Anyone have any simulations or traces showing whether it is more 
common for branches to be taken or not taken?  Is it very lopsided
one way or the other, or is it about even? How about stats on
the number of IF-THENs in source code as opposed to IF-THEN-ELSEs?

-Mark Hall (smart mailer): markhall@pyramid.pyramid.com
	   (uucp paths  ): {decwrl|sun|seismo|lll-lcc}!pyramid!markhall

tim@amdcad.AMD.COM (Tim Olson) (06/16/88)

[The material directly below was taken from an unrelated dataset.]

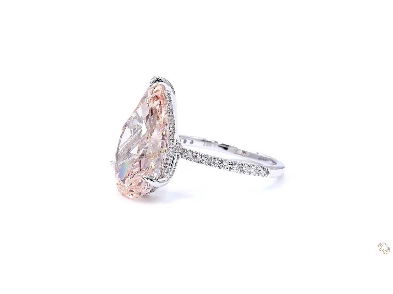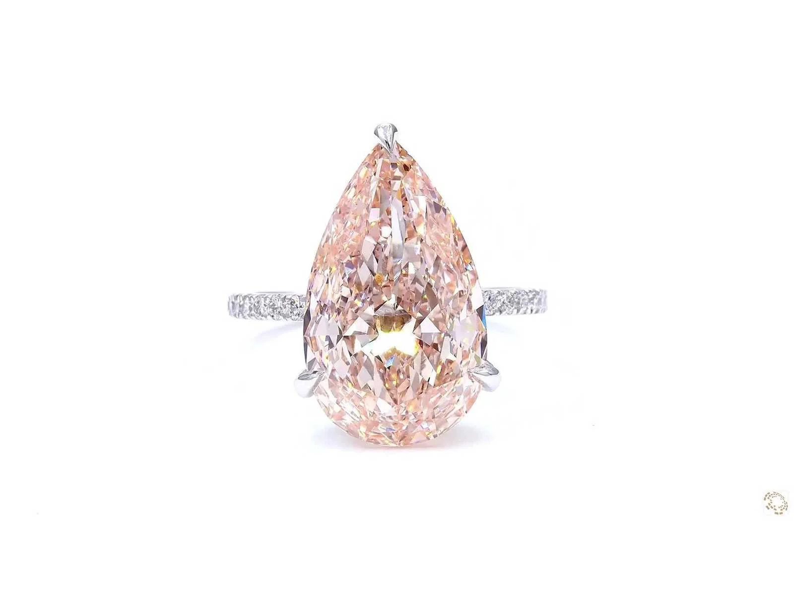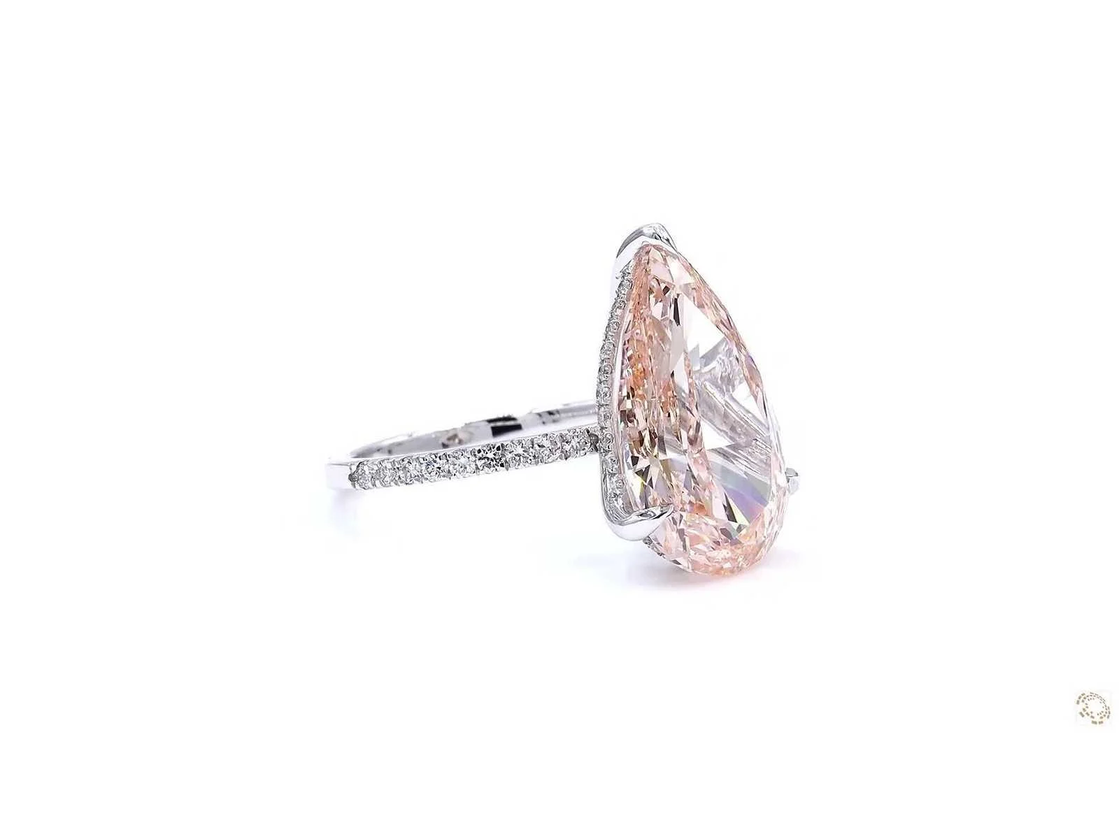 Exclusieve 18K witgouden ring Ringmaat - 54 EU / 14 IT / 6,75 US Rapportnummer IGI: LG701502349 Vorm: Peer brilliant geslepen Karaatgewicht van de hoofsteen: 9,10 Kleur: Fancy Vivid Pink Helderheid: VVS2 Symmetrie: uitstekend Zijstenen - 0,47 (46 stuks) Totaal karaatgewicht - 9,57 Ct Totale ringgewicht: 4,79 gram Bezichtiging op afspraak Materiaal: Witgoud Ringmaat : 54 Certificaat: Ja Lage schatting: 32900€

In article <1081@nud.UUCP> tom@nud.UUCP (Tom Armistead) writes:
|     The number of loop instructions is equivalent in either the 
| annul-taken form or the always executed form (for this example
| anyway).  The only slight difference is that no "cleanup" instruction
| was required in the always executed form.  There might be some instances
| where annul-taken is better but I don't know of any specific ones. 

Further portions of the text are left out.